WORK ORDER: Restate all data exactly. No images.
*** GIVEN MATERIAL Section Begins ***
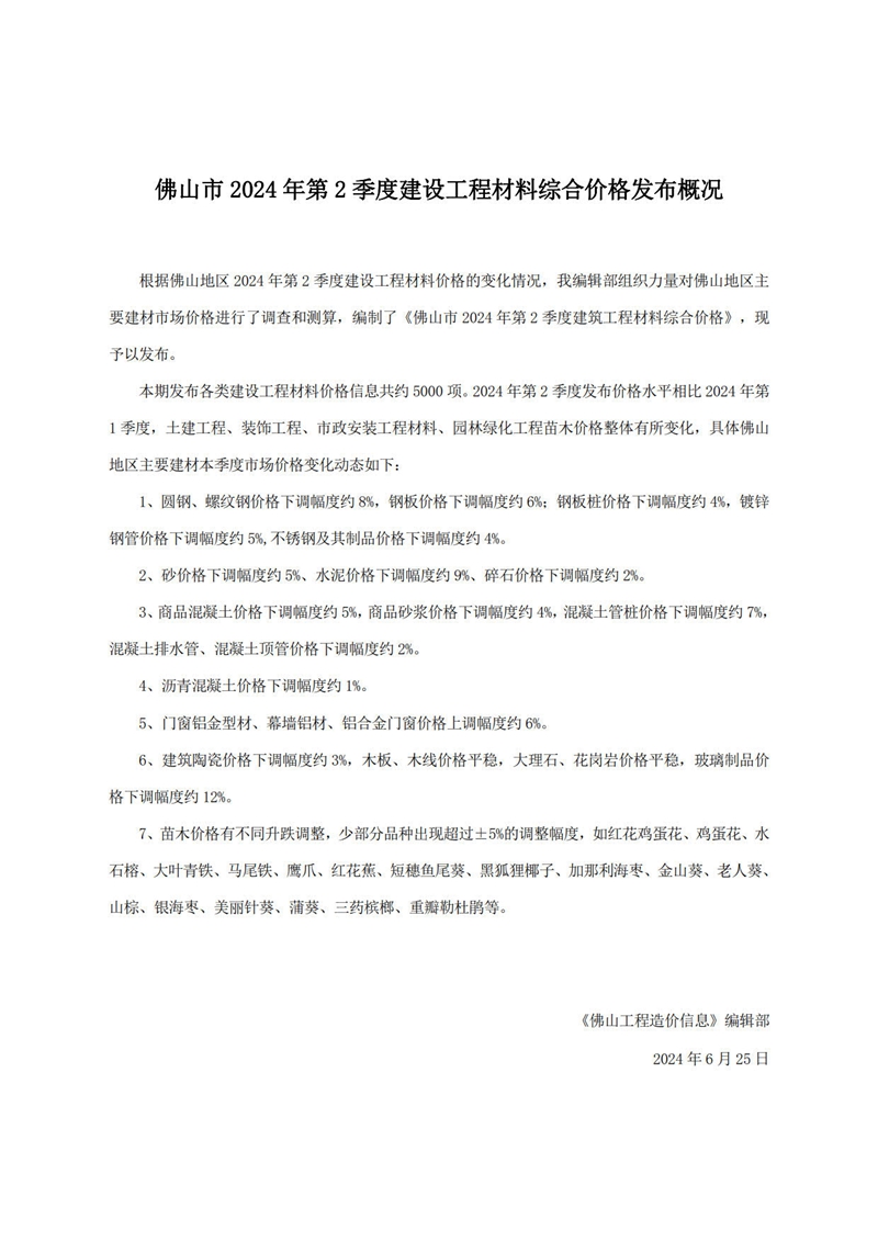 佛山市2024年第2季度建設工程材料綜合價格發布概況
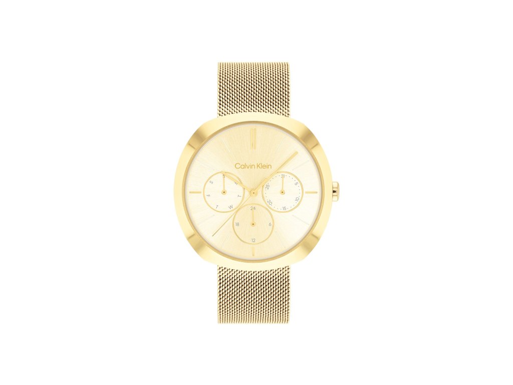 HODINKY CALVIN KLEIN WOMEN 25200339 (38,5CM). Typ mechanizmu: TYP HODINIEK: QUARTZ. Displej: HODINKY: ANALÓGOVÉ. Materiál puzdra: MATERIÁL: NEHRDZAVEJÚCA OCEĽ. Farba puzdra: FARBA: ZLATÁ. Materiál náramku: MATERIÁL NÁRAMKU: NEHRDZAVEJÚCA OCEĽ. Farba náramku: ZLATÁ. Farba ciferníka: ZLATÁ. Typ skla: MINERÁLNE. Sklo: PIN. Priemer ciferníka: dĹŽKA CIFERNÍKA: 38,5 CM. Ponorný: pÔSOBENIE: 3ATM
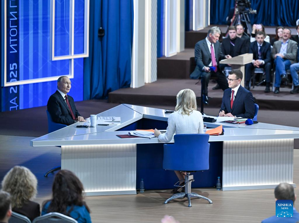 Russian President Vladimir Putin (C) speaks during his annual year-end press conference in Moscow, Russia, Dec. 19, 2025. (Xinhua/Hao Jianwei)
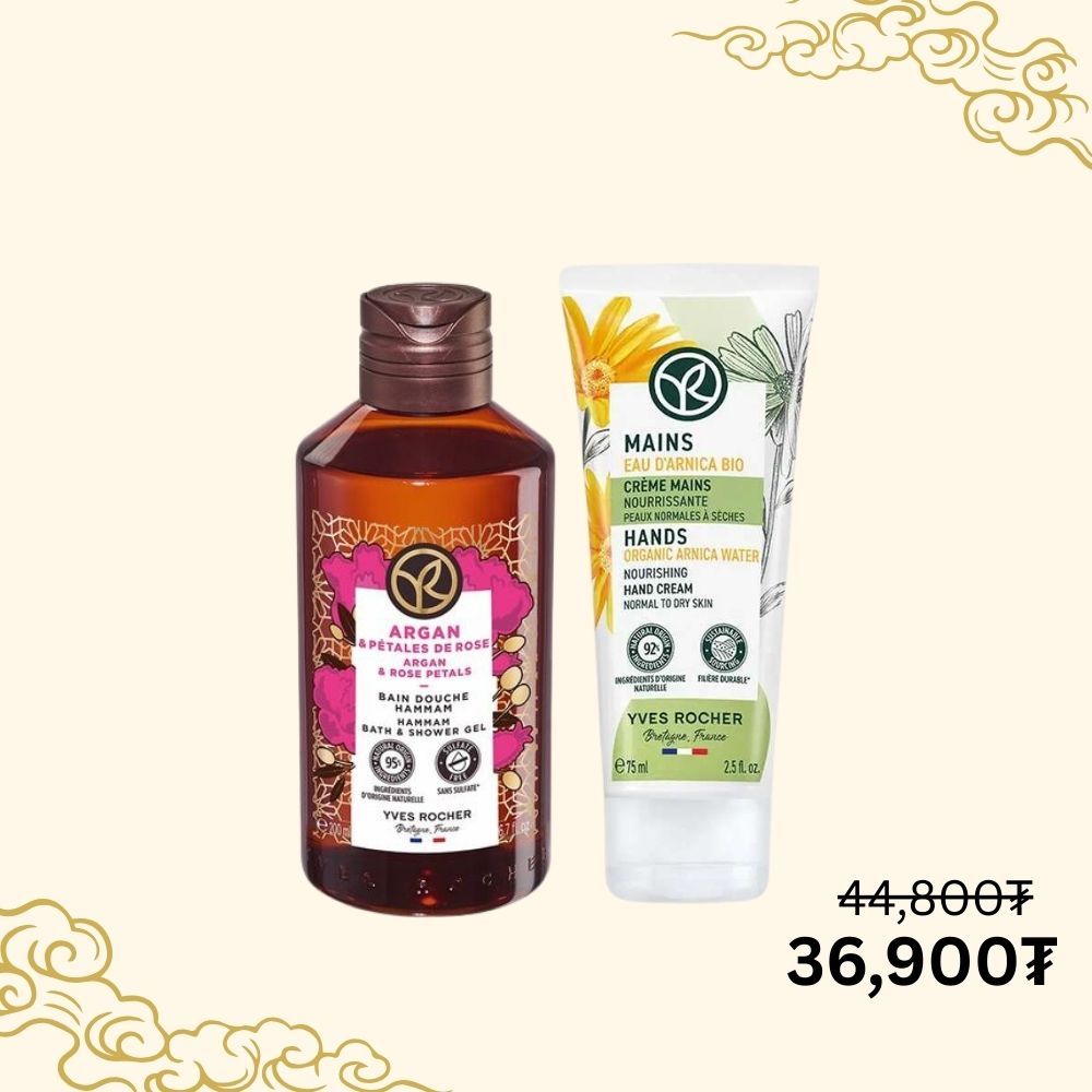 сонгоно.Арника цэцгийн найрлагатай гарын чийгшүүлэх тос болон Арган болон сарнайн тансаг үнэртэй биеийн шингэн саван нь арьсыг чийгшүүлж, булбарай зөөлөн болгоно.
*** GIVEN MATERIAL Section Ends ***
TASK RESPONSE:
 佛山市2024年第2季度建設工程材料綜合價格發布概況
 HODINKY CALVIN KLEIN WOMEN 25200339 (38,5CM). Typ mechanizmu: TYP HODINIEK: QUARTZ. Displej: HODINKY: ANALÓGOVÉ. Materiál puzdra: MATERIÁL: NEHRDZAVEJÚCA OCEĽ. Farba puzdra: FARBA: ZLATÁ. Materiál náramku: MATERIÁL NÁRAMKU: NEHRDZAVEJÚCA OCEĽ. Farba náramku: ZLATÁ. Farba ciferníka: ZLATÁ. Typ skla: MINERÁLNE. Sklo: PIN. Priemer ciferníka: dĹŽKA CIFERNÍKA: 38,5 CM. Ponorný: pÔSOBENIE: 3ATM
 Russian President Vladimir Putin (C) speaks during his annual year-end press conference in Moscow, Russia, Dec. 19, 2025. (Xinhua/Hao Jianwei)
 сонгоно.Арника цэцгийн найрлагатай гарын чийгшүүлэх тос болон Арган болон сарнайн тансаг үнэртэй биеийн шингэн саван нь арьсыг чийгшүүлж, булбарай зөөлөн болгоно.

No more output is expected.